Abstract
Objective:
This study summarizes our initial experience with prospective, single-amplicon (mutation-specific) A636P testing in Ashkenazi Jewish patients at risk for Hereditary Nonpolyposis Colorectal Cancer (HNPCC).
Summary Background Data:
We previously described a founder mutation, MSH2*1906G >C (A636P) that causes HNPCC in 8/1345 (0.59%) of Ashkenazim with colorectal cancer. The mutation was more common in Ashkenazim diagnosed at ≤40 years (7%).
Methods:
Twenty-seven Ashkenazi probands at risk for HNPCC were ascertained. Single-amplicon A636P testing was performed on 21 by polymerase chain reaction of exon 12 of MSH2, followed by direct DNA sequencing. Mutational analysis of the entire open reading frame of MLH1 and MSH2 was performed on 7 by PCR of each exon, followed by heteroduplex analysis using denaturing high-performance liquid chromatography and direct sequencing of exons with variant chromatographs. One patient received both studies,
Results:
The A636P mutation was detected in 3/21 (14%) prospectively evaluated patients using single amplicon testing. In 6 patients, the entire open reading frame of MLH1 and MSH2 was analyzed, and 1 additional A636P carrier and 2 carriers of previously unrecognized mutations were identified. The A636P mutation was present in 2 patients who met Amsterdam criteria and in 2 patients who did not.
Conclusions:
Although rare in the general population, A636P mutations are found at increased frequency in Ashkenazim with a personal or family history of colorectal or other HNPCC-associated cancers. This inexpensive and rapid approach may be useful preoperatively in helping determine the extent of colon resection for a subset of patients.
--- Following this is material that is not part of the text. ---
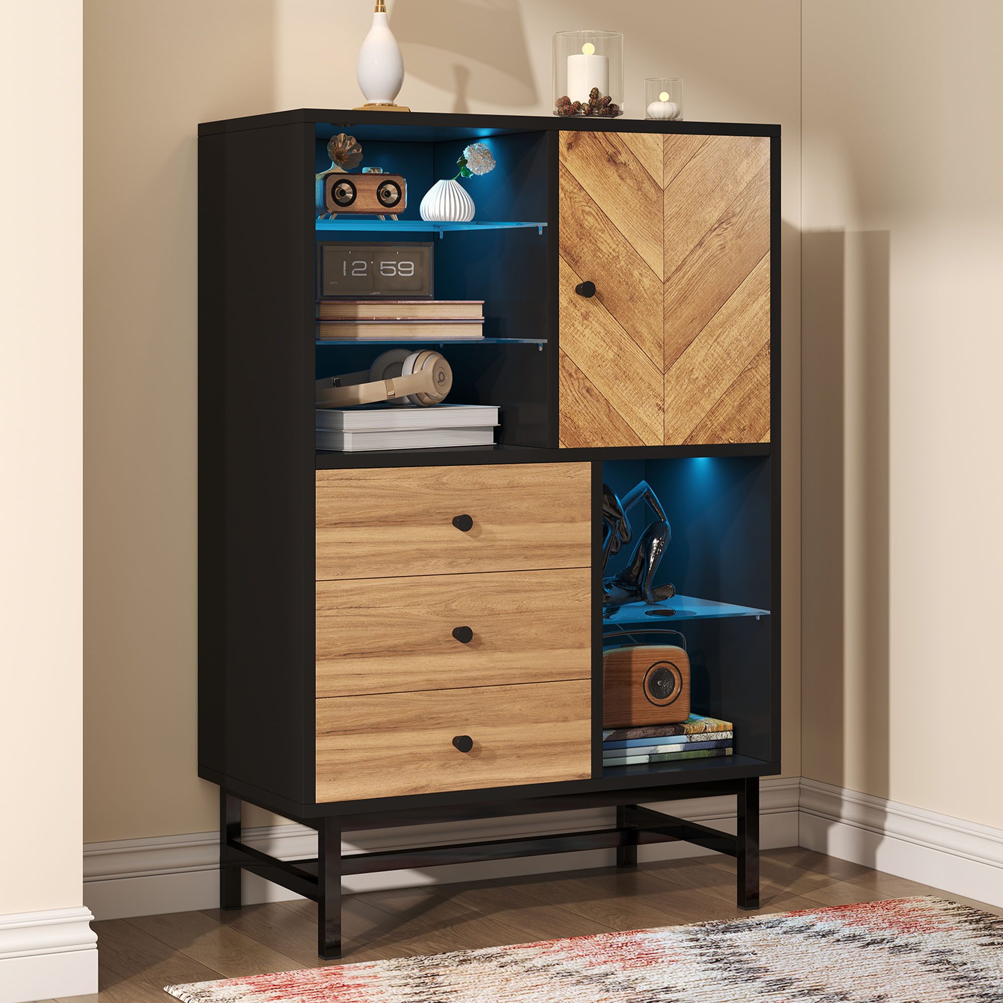 Die Vitrine ist mit einer 12-farbigen LED-Beleuchtung ausgestattet, die sich individuell anpassen lässt. Ob für einen gemütlichen Abend zu Hause, zur Präsentation von Dekorationsstücken oder zur stimmungsvollen Beleuchtung während Gästeempfängen – die LED-Leiste erzeugt stets ein elegantes Ambiente. Ihre ausgestellten Objekte werden durch das Licht noch stärker hervorgehoben, wodurch die Vitrine nicht nur funktional, sondern auch dekorativ zum Highlight im Raum wird.

This report summarizes the initial Memorial Sloan-Kettering Cancer Center experience with prospective, single-amplicon (mutation-specific) A636P testing in Ashkenazi Jewish patients at high or intermediate risk for developing colorectal cancer. Our results support using this inexpensive, rapid test preoperatively for a broader segment of this population with colorectal cancer.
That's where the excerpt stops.